Potential nanotherapeutic approach for Alzheimer's disease: in vitro clearance of beta-amyloid across the blood-brain barrier by multifunctional liposomes

The reduction of amyloid-beta peptides (Ab) is considered a primary therapeutic target to minimize the neurodegeneration in Alzheimer's disease (AD), a pathology characterized by accumulation of Ab in the brain. A possible strategy to reduce Ab levels is to exploit the peripheral-sink effect that is based on the removal of plasma Ab, drawing out soluble Ab from the brain. Objectives. The aim of the present study was to investigate the potential effect of multi-functional liposomes binding Ab on the peptide exchange across an in vitro model of the blood-brain barrier (BBB). Methods.
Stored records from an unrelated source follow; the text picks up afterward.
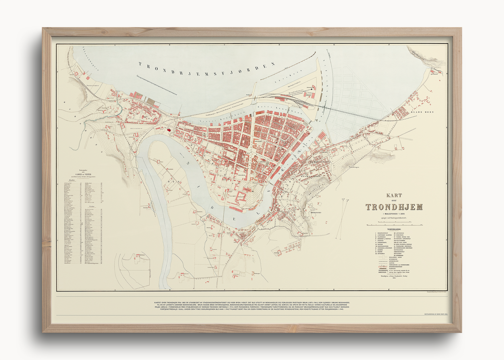 Dette restaurerte kartet over Trondhjem fra 1883 ble utgitt i en periode da byen var i sterk vekst. Kartet ble publisert av bokhandler og forlegger Fridthjov Brun, som gjennom sitt forlag formidlet kart, håndbøker og lokalhistoriske verk fra Trøndelag.
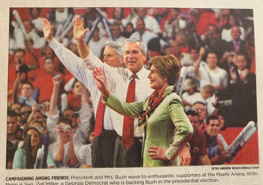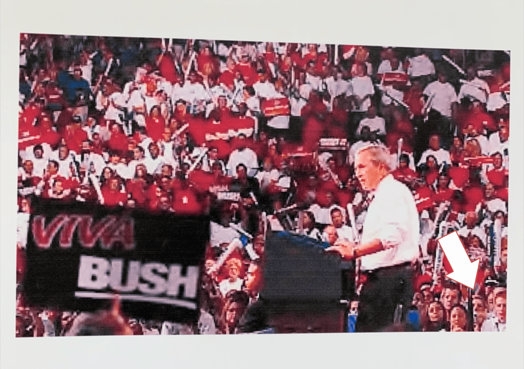 It was at the Victory 2004 Campaign Rally in Florida (seen in photo above) where I was one of the “enthusiastic supporters” President and Mrs. Bush were waving to, as noted in the newspaper photo caption. I’m the girl holding up her camera, partially visible in the photo above amongst the crowd. In case it’s hard to spot me, the photo below has an arrow pointing out my head and camera in another photograph from the same event on a newspaper’s website (the highest quality copy I could find in 2004).
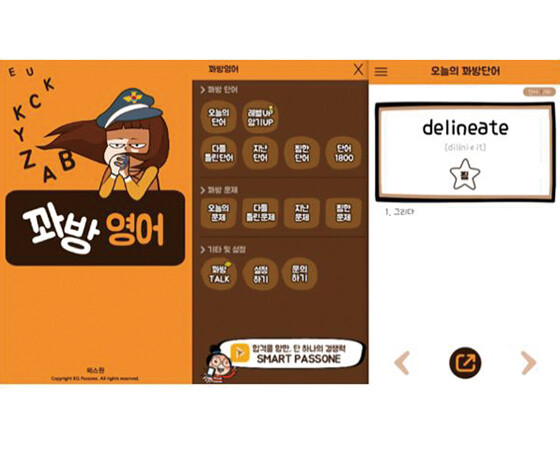 한편 '꽈방영어' 앱은 구글 플레이스토어나 애플 앱스토어, 또는 KG패스원 홈페이지(www.passone.net)에서 다운로드 받을 수 있다.
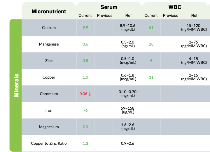 Micronutrient test for Chromium (actionable insight #2)
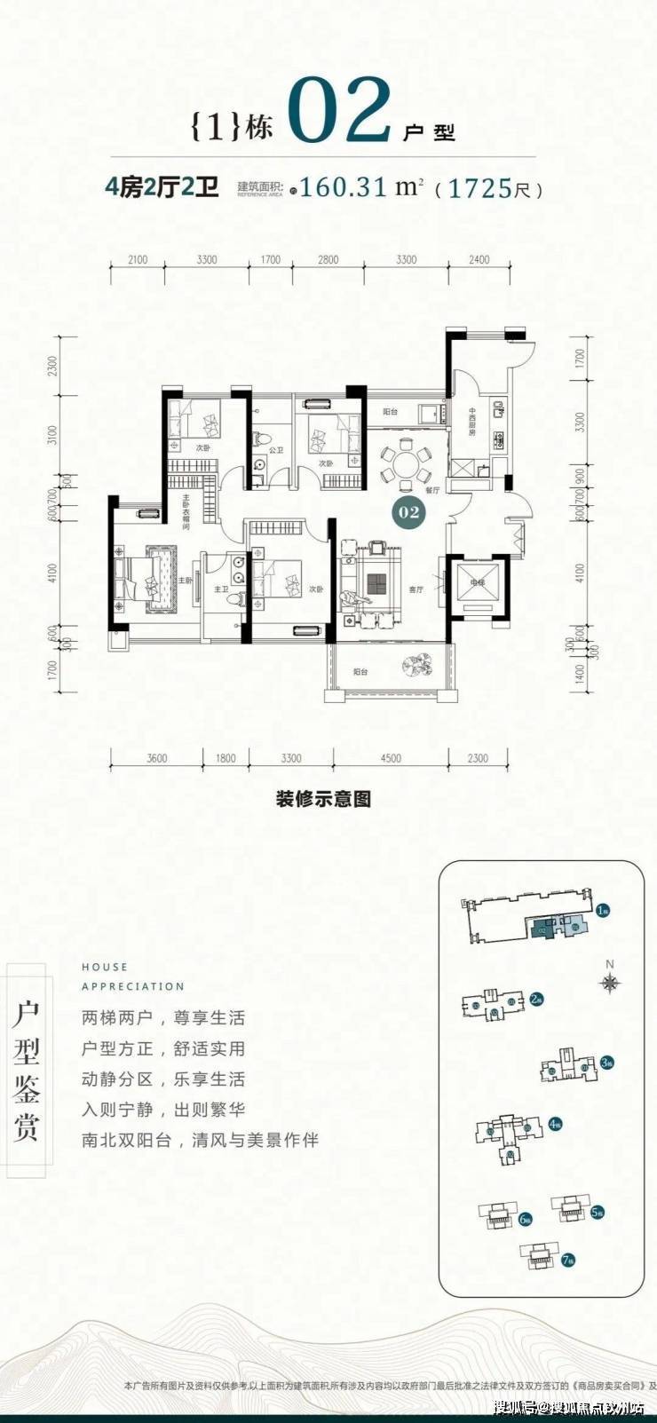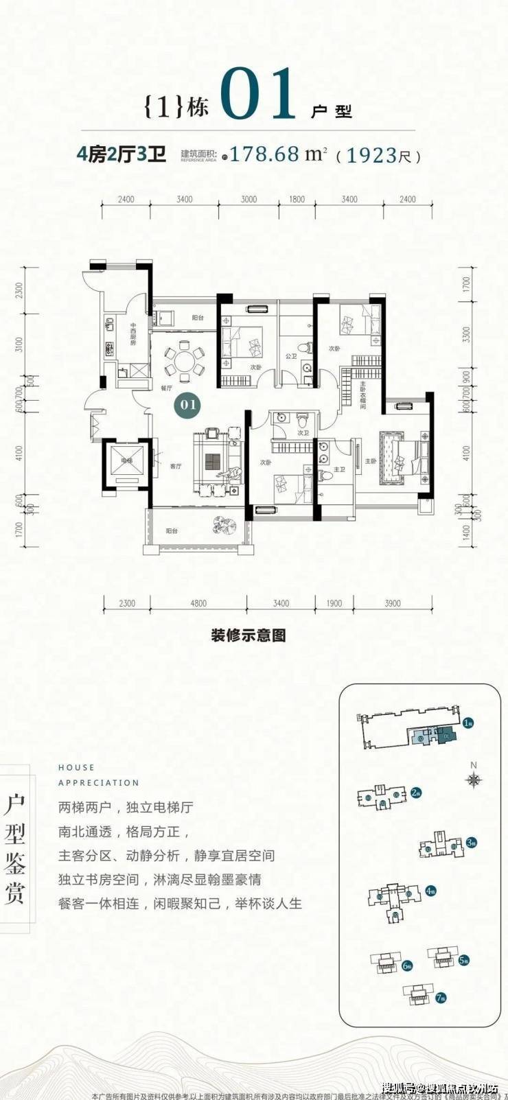 1栋户型鉴赏:建面:约160-178㎡四房两厅三卫
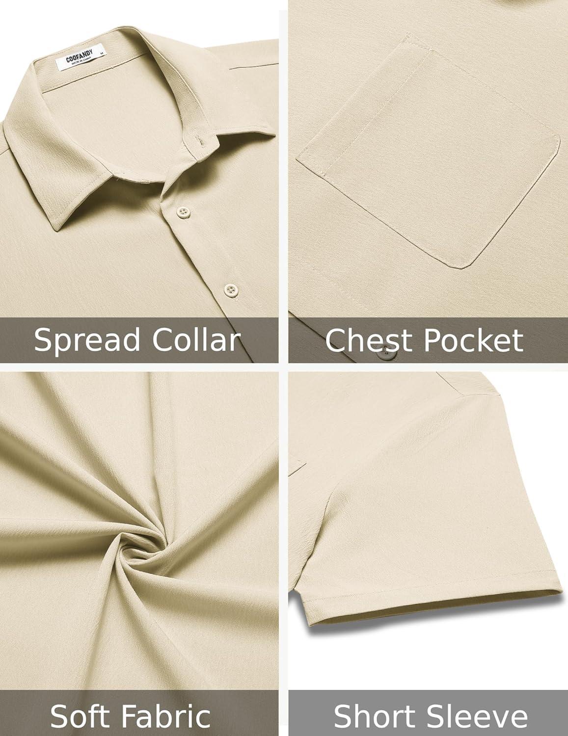 COOFANDY Men's Casual Short Sleeve Button Down Summer Beach Shirt Lightweight Textured Wrinkle Free Untucked Shirts(Vanilla Ice)

Liposomes were prepared by extrusion procedure and bi-functionalized with phosphatidic acid and with a modified ApoE-derived peptide (mApoE-PA-LIP) for Ab binding. An in vitro BBB model made of human brain endothelial cells (hCMEC/D3) was set up on a transwell system and soluble small Ab42 assemblies were added to the basolateral compartment (brain side). The Ab translocation across the BBB was evaluated both alone or with mApoE-PA-LIP present in the apical compartment (blood side). Also the permeability of liposomes from basolateral-to-apical compartment in the presence of Ab was analyzed. Results. The presence of mApoE-PA-LIP strongly enhanced (5-fold) the basolateral-to-apical transcytosis of Ab across the BBB model, compared to the peptide alone, in a lipid dosedependent manner. Moreover, the transcytosis of Ab was due to a peripheral-sink effect since mApoE-PA-LIP were not able to transport the peptide across the cellular monolayer. Conclusions. This study provide a rationale for the use of Ab-binding particles as a potential therapeutic strategy for AD.